COLLECTED MATERIAL ▸
________________________
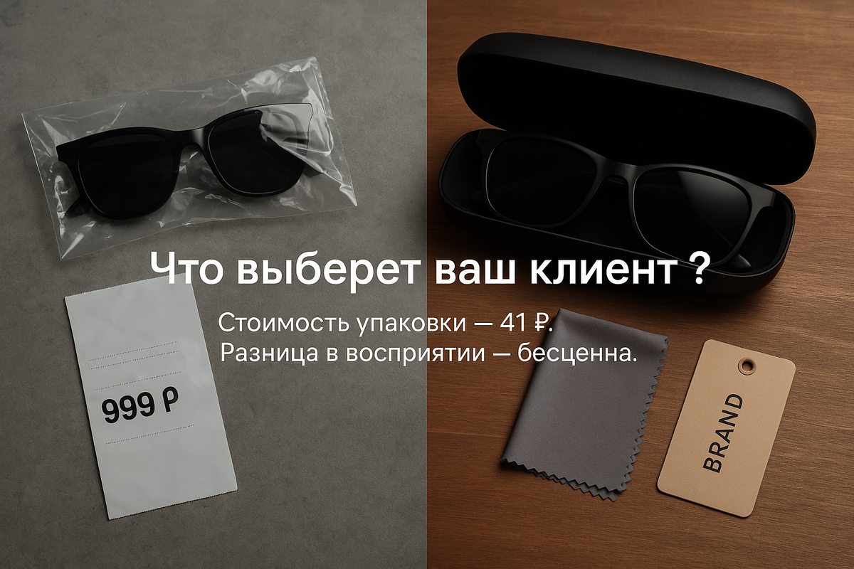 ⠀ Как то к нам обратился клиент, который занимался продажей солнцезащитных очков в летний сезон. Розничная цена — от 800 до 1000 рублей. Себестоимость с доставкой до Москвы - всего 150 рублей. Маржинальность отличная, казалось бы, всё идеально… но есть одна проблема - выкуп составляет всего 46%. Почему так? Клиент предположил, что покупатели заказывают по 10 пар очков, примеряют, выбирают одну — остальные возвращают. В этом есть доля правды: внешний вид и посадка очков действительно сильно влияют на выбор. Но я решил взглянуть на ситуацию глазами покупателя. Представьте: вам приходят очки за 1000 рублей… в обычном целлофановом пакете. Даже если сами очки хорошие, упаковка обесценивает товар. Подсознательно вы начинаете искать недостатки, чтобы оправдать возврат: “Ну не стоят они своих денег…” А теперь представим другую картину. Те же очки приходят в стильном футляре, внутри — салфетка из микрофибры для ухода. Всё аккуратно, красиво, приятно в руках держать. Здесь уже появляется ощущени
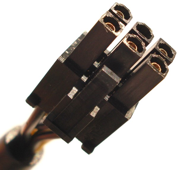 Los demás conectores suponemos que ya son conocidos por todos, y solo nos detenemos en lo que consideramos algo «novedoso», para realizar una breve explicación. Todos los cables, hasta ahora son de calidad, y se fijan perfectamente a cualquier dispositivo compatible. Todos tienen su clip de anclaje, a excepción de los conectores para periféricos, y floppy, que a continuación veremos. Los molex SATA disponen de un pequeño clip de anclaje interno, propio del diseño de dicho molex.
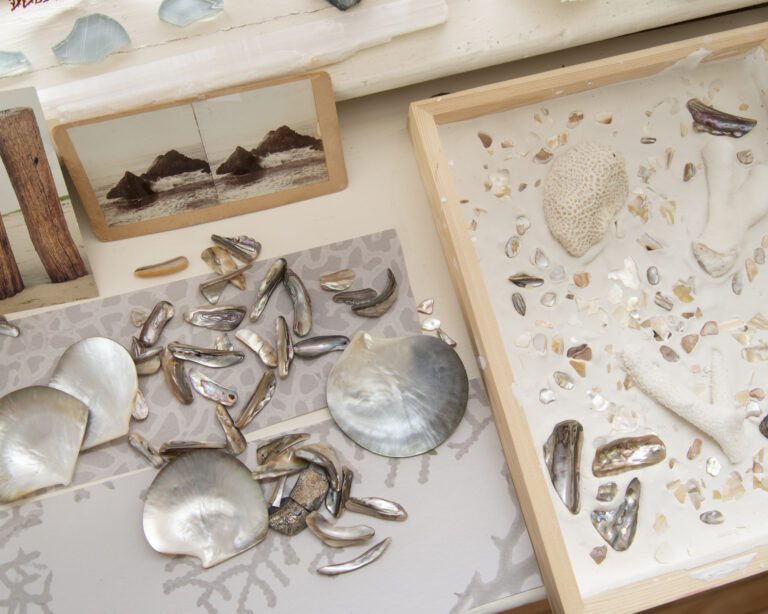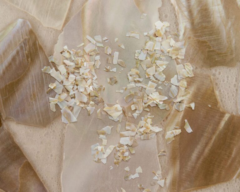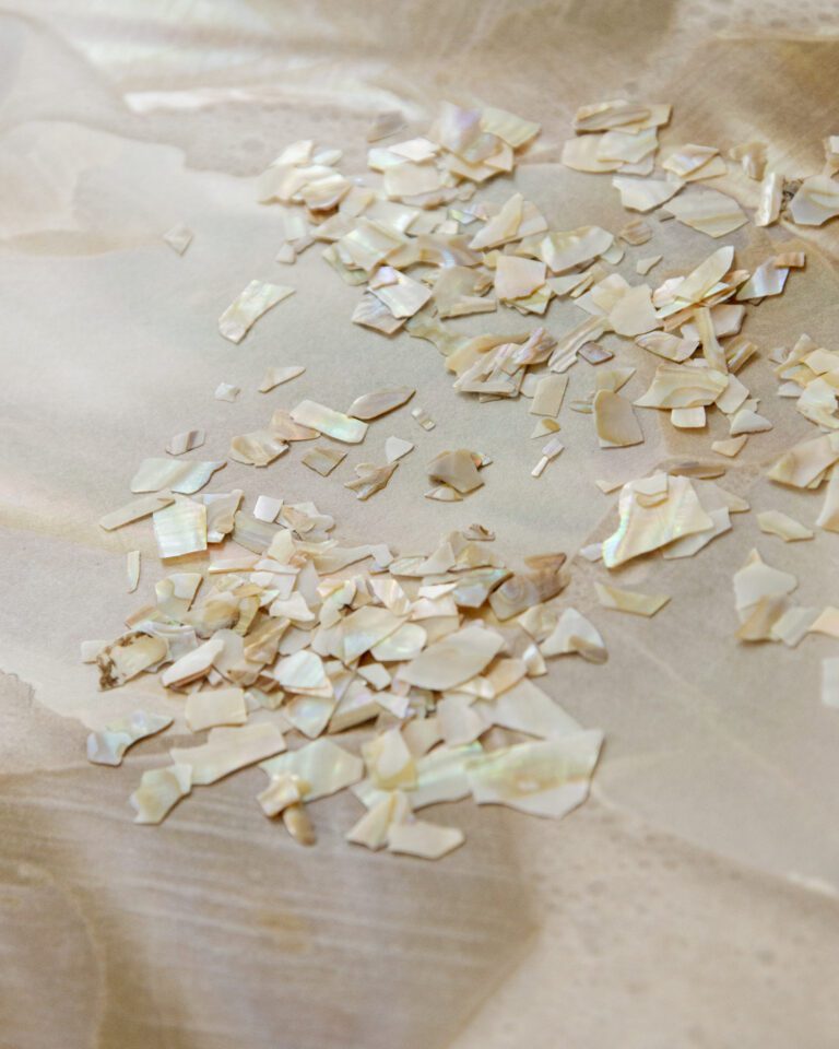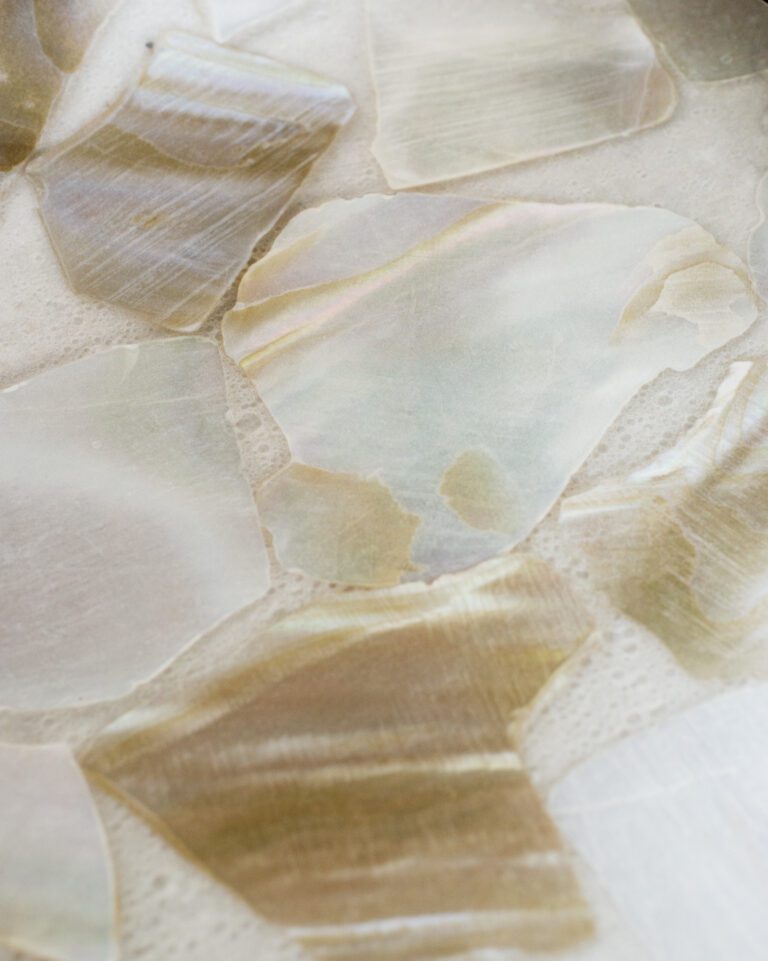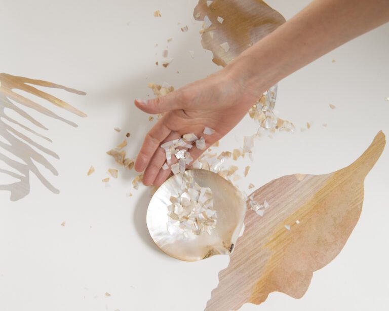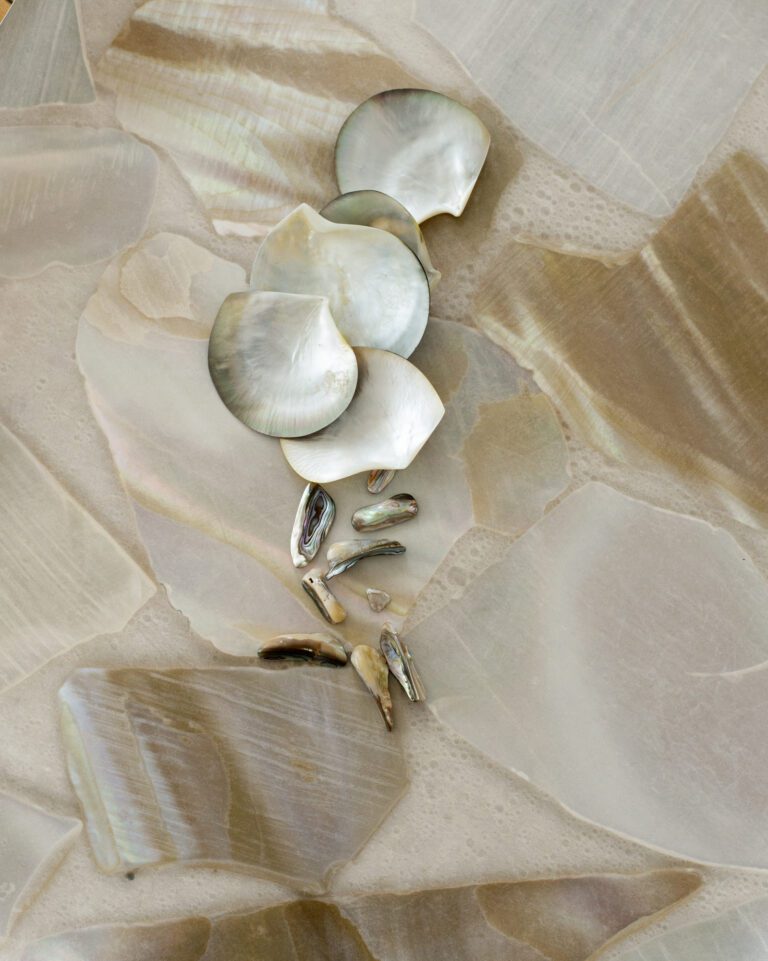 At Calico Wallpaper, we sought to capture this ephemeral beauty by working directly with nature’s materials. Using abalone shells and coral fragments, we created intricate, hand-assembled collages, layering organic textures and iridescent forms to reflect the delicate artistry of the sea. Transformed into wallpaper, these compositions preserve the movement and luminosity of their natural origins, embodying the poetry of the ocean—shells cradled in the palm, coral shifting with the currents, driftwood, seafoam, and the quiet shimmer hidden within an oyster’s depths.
________________________
EXERCISE PROMPT ▸
Please copy out the whole listing exactly, minus its pictures.

ANSWER SECTION ▸
 ⠀ Как то к нам обратился клиент, который занимался продажей солнцезащитных очков в летний сезон. Розничная цена — от 800 до 1000 рублей. Себестоимость с доставкой до Москвы - всего 150 рублей. Маржинальность отличная, казалось бы, всё идеально… но есть одна проблема - выкуп составляет всего 46%. Почему так? Клиент предположил, что покупатели заказывают по 10 пар очков, примеряют, выбирают одну — остальные возвращают. В этом есть доля правды: внешний вид и посадка очков действительно сильно влияют на выбор. Но я решил взглянуть на ситуацию глазами покупателя. Представьте: вам приходят очки за 1000 рублей… в обычном целлофановом пакете. Даже если сами очки хорошие, упаковка обесценивает товар. Подсознательно вы начинаете искать недостатки, чтобы оправдать возврат: “Ну не стоят они своих денег…” А теперь представим другую картину. Те же очки приходят в стильном футляре, внутри — салфетка из микрофибры для ухода. Всё аккуратно, красиво, приятно в руках держать. Здесь уже появляется ощущени
 Los demás conectores suponemos que ya son conocidos por todos, y solo nos detenemos en lo que consideramos algo «novedoso», para realizar una breve explicación. Todos los cables, hasta ahora son de calidad, y se fijan perfectamente a cualquier dispositivo compatible. Todos tienen su clip de anclaje, a excepción de los conectores para periféricos, y floppy, que a continuación veremos. Los molex SATA disponen de un pequeño clip de anclaje interno, propio del diseño de dicho molex.
 At Calico Wallpaper, we sought to capture this ephemeral beauty by working directly with nature’s materials. Using abalone shells and coral fragments, we created intricate, hand-assembled collages, layering organic textures and iridescent forms to reflect the delicate artistry of the sea. Transformed into wallpaper, these compositions preserve the movement and luminosity of their natural origins, embodying the poetry of the ocean—shells cradled in the palm, coral shifting with the currents, driftwood, seafoam, and the quiet shimmer hidden within an oyster’s depths.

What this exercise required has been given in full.